A more realistic situation may be shading the range in which the estimated reliability is above some threshold (e.g., 0.8). However, in this case, with only five items included in the analysis, the estimated reliability is low across the full ability range (with information peaking at a value $<$ 1.0). We could take the plot one step further and annotate it to describe the shaded region.

tif <- plot(parsLSAT, store = TRUE, bty = "n", col = "blue", lty = 2, lwd = 3)
theta <- seq(-4, 4, 0.1) # default x-axis

x1 <- theta[which(theta == -1)]
x2 <- theta[which(theta == 1)]

y <- tif[which(theta == -1):which(theta == 1)]

polygon(x = c(x1, seq(x1, x2, length.out = length(y)), x2), 
        y = c(0, y, 0),
        col = rgb(0, 0.2, 0.4, 0.2),
        border = FALSE)
text(0, 0.5, expression(Theta["{-1, 1}"]), cex = 2)

text(0, 0.5, expression(Theta["{-1, 1}"]), cex = 2)

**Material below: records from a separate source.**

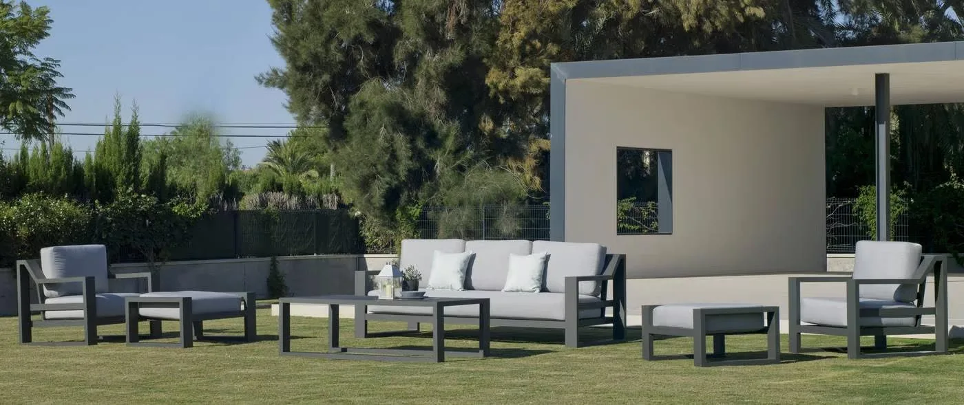 Con nuestro set de sofá gran confort para exterior fabricado en aluminio, podrás disfrutar de la comodidad y la elegancia que mereces en tu jardín. De elegante diseño y con una robusta estructura de aluminio, diseñada para proporcionar comodidad, es la mejor opción para relajarse, leer un libro o descansar, Está compuesto por un sofá de 3 plazas, dos sillones y una mesa de aluminio a juego, lo que lo convierte en la elección perfecta para compartir momentos inolvidables con tus seres queridos.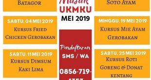 Jadwal Kursus Masak UKMKU Mei 2019 * Kursus Siomay & Batagor, Rabu 01 Mei 2019 * Kursus Fried Chicken Gerobakan, Sabtu 04 Mei 2019 * Kursus Dimsum Kaki Lima, Sebtu 11 Mei 2019 * Kursus Bakso Kampoeng, Minggu 12 Mei 2019 * Kursus Aneka Soto Ayam, Sabtu 18 Mei 2019 * …
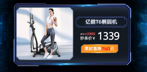 每逢佳节胖三斤似乎已经成为了当下国人的正常现象,在春节期间亲人团聚的喜悦氛围下,面对丰富的美食鲜有人能够有足够的自制力抵挡其诱惑。假期结束后也成为了人们管理身材的高峰期,为了帮助消费者更好的运动锻炼,天猫在2月19日-21日开启超级品类日“宅家享瘦”专场,众多健身好物均有较大力度的优惠。国内知名运动健身品牌亿健也受邀参与本次活动,旗下热销产品亿健精灵ELF跑步机和亿健T6椭圆机也凭借超高性价比吸引了许多消费者的关注。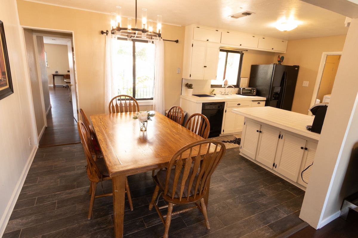 I-Iris House iseduze nezitolo zase-Visalia, izindawo zokudlela, izindawo zokwenza utshwala & Isikhungo Somhlangano. Imizuzu engu-40 ukuya e-Sequoia National Park, imizuzu engu-30 ukuya e-Three Rivers , imizuzu engu-45 ukuya e-Fresno namahora angu-2.5 ukuya e-Yosemite.House inamakamelo okulala angu-3, amagumbi okugezela angu-2, igumbi lomndeni w/indawo yomlilo, igumbi lokuphumula, igumbi lelondolo, ikhishi elinakho konke, indawo yokudlela, indawo yokubhukuda enezitezi, igceke elingemuva, ichibi le-Koi, i-BBQ, i-fire-pit, i-basketball nezindawo zokuphumula. Indawo ezungeze idolobha elikhulu enokuthula. Awekho amaphathi. Ukubhema kuvunyelwe egcekeni elingemuva kuphela.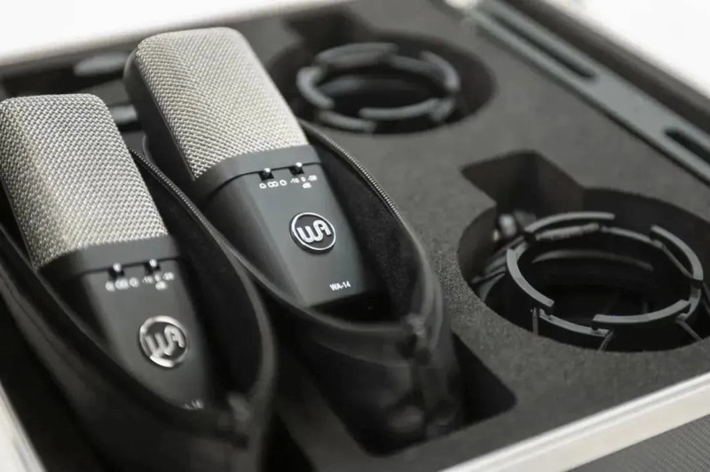 全套立體聲套件包括一個定制飛行箱、兩支 WA-14 話筒、兩個防震支架、兩個簡易話筒夾、兩個耐用旅行袋和立體聲安裝支架,可確保每次都能可靠放置。單支 WA-14 話筒已在 Warm Audio 天貓旗艦店發售,立體聲配對套裝即將到貨,敬請期待!
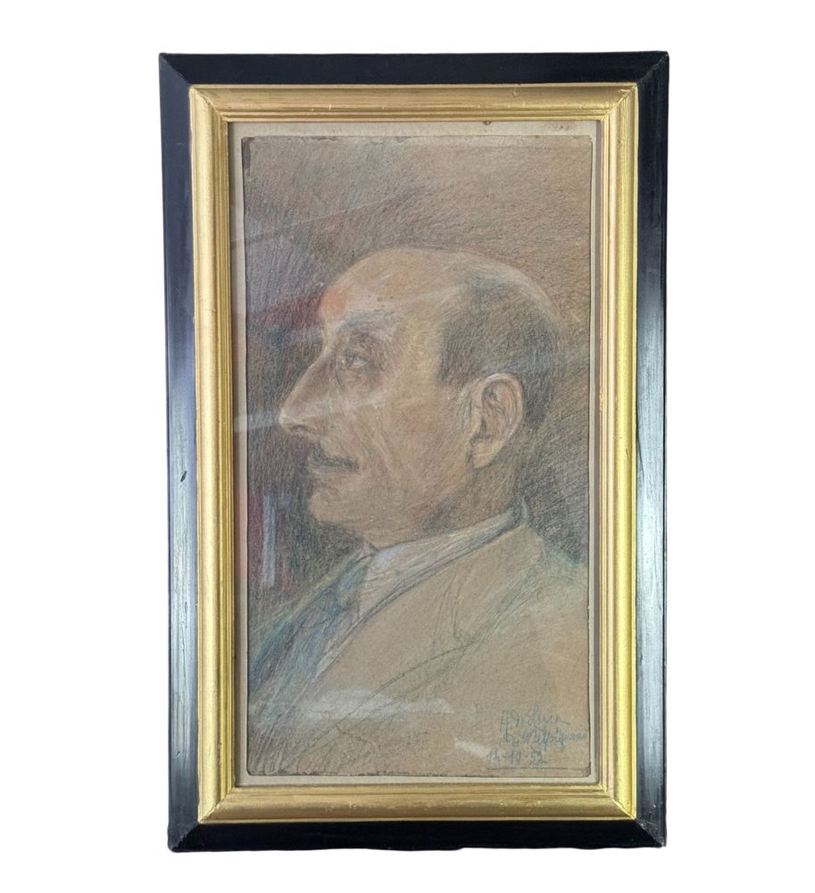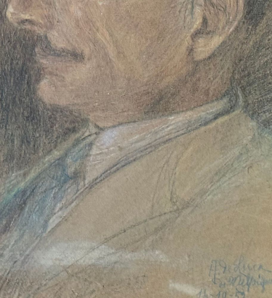 Dipinto pastello su carta, periodo XX secolo, scuola Italiana, raffigurante Ritratto maschile. Dimensioni compreso cornice: 41x64 cm. Dimensioni interno cornice: 27x51 cm. Firmato in basso a destra A.De Luca. Opera in buone condizioni.

This briefly illustrates some of the flexibility and power of plotting in R. We can also explore some of the other default plots by including the additional type argument to plot. For example, if we wanted to view each of the item information functions, we could do so as follows

plot(parsLSAT, type = "IIFs")

We could alternatively only view a few (or one) item information function by including the additional itemSelect argument. For example, to see the curves for only items 1, 3, and 5, we could do so by passing the item locations or names to itemSelect

plot(parsLSAT, type = "IIFs", itemSelect = c(1, 3, 5))

or equivalently

plot(parsLSAT, type = "IIFs", itemSelect = c("Item 1", "Item 3", "Item 5"))

We could also pass the location of items to remove by including the - operator. The following is equivalent to the previous two code chunks producing the IIF plot for items 1, 3, and 5.

plot(parsLSAT, type = "IIFs", itemSelect = -c(2, 4))

In some contexts, it may be helpful to view the test information function with the item information functions together, particularly if one wants to evaluate how the test information function may change with the exclusion of one or more items. This is possible through type = "TIF/IIF".

plot(parsLSAT, type = "TIF/IIF")

If we drop the two easiest items, 1 and 5, we can evaluate how the test information function changes.

plot(parsLSAT, type = "TIF/IIF", itemSelect = -c(1, 5))

Predictably, the distribution shifts toward the more difficult end of the scale.

Finally, item and test characteristic curves can also be helpful when evaluating tests, as they provide the expected raw score, given theta. The test characteristic is computed as

plot(parsLSAT, type = "TCC")

It may be helpful to add some reference lines here. For example, what raw score corresponds with a theta estimate of 0 (or average)? To add this reference line, we may want to rerun the TCC with the optional store = TRUE to retain the expected raw scores.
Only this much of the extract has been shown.